Kikuchicamptus incurvisetosus

Scientific classification
- Kingdom: Animalia
- Phylum: Arthropoda
- Class: Copepoda
- Order: Harpacticoida
- Family: Canthocamptidae
- Genus: Kikuchicamptus
- Species: K. incurvisetosus
- Binomial name: Kikuchicamptus incurvisetosus Chang & Ishida, 2001
- Synonyms: Canthocamptus incurvisetosus

= Kikuchicamptus incurvisetosus =

- Authority: Chang & Ishida, 2001
- Synonyms: Canthocamptus incurvisetosus

Species of crustacean

Kikuchicamptus incurvisetosus is a species of freshwater copepod in the family Canthocamptidae. It is endemic to Korea.

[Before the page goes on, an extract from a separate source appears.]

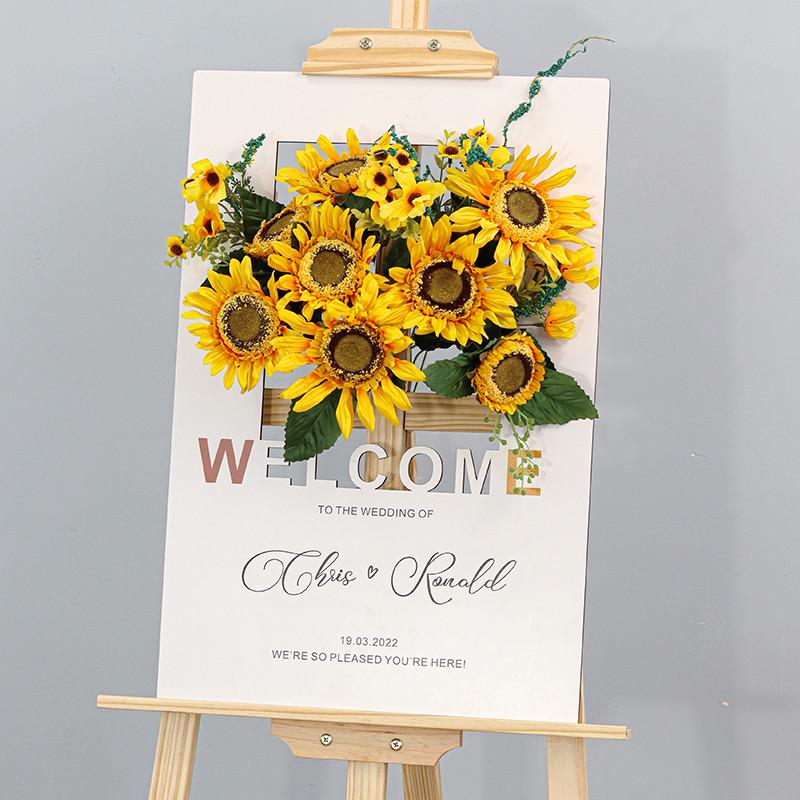 向日葵主題木質鏤空歡迎牌訂婚宴迎賓牌婚禮指引草坪水牌嘉賓定制
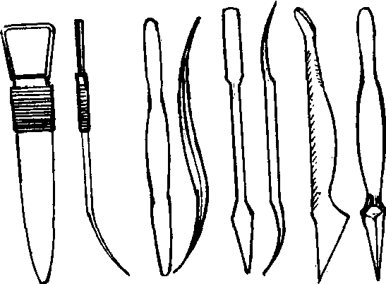 | 释义 | 雕塑刀雕塑家工作时最好、最方便的工具是自己的双手。用大拇指、食指或手掌。仅此是不够的,还需借助各种雕塑刀。它们实际是手指的延长,辅助手的不足。特别做眼耳及其他细小手指不宜伸至的地方则必用工具。因此雕塑刀形状类似手和手指。这些工具,雕塑家多根据需要自己动手用木、竹、金属等材料制作,造型如图。

It was first described by Chang Cheon Young and Teruo Ishida in 2001, but was transferred in 2022 to the new genus, Kikuchicamptus, by Alexander Alexeevich Novikov and Dayana Sharafutdinova on the basis of morphological differences.

== Description ==
This freshwater copepod lives in fallen leaves in streams and springs. The female is from 0.69 to 0.73 mm long and the male is slightly smaller. It is common in the mountain waters of Korea.

This species differs from similar species by its outer caudal setae of the caudal peduncle being twisted inward.

== Distribution ==
It is found in the central and southern regions of Korea, but not the Odaesan area nor on Jeju Island.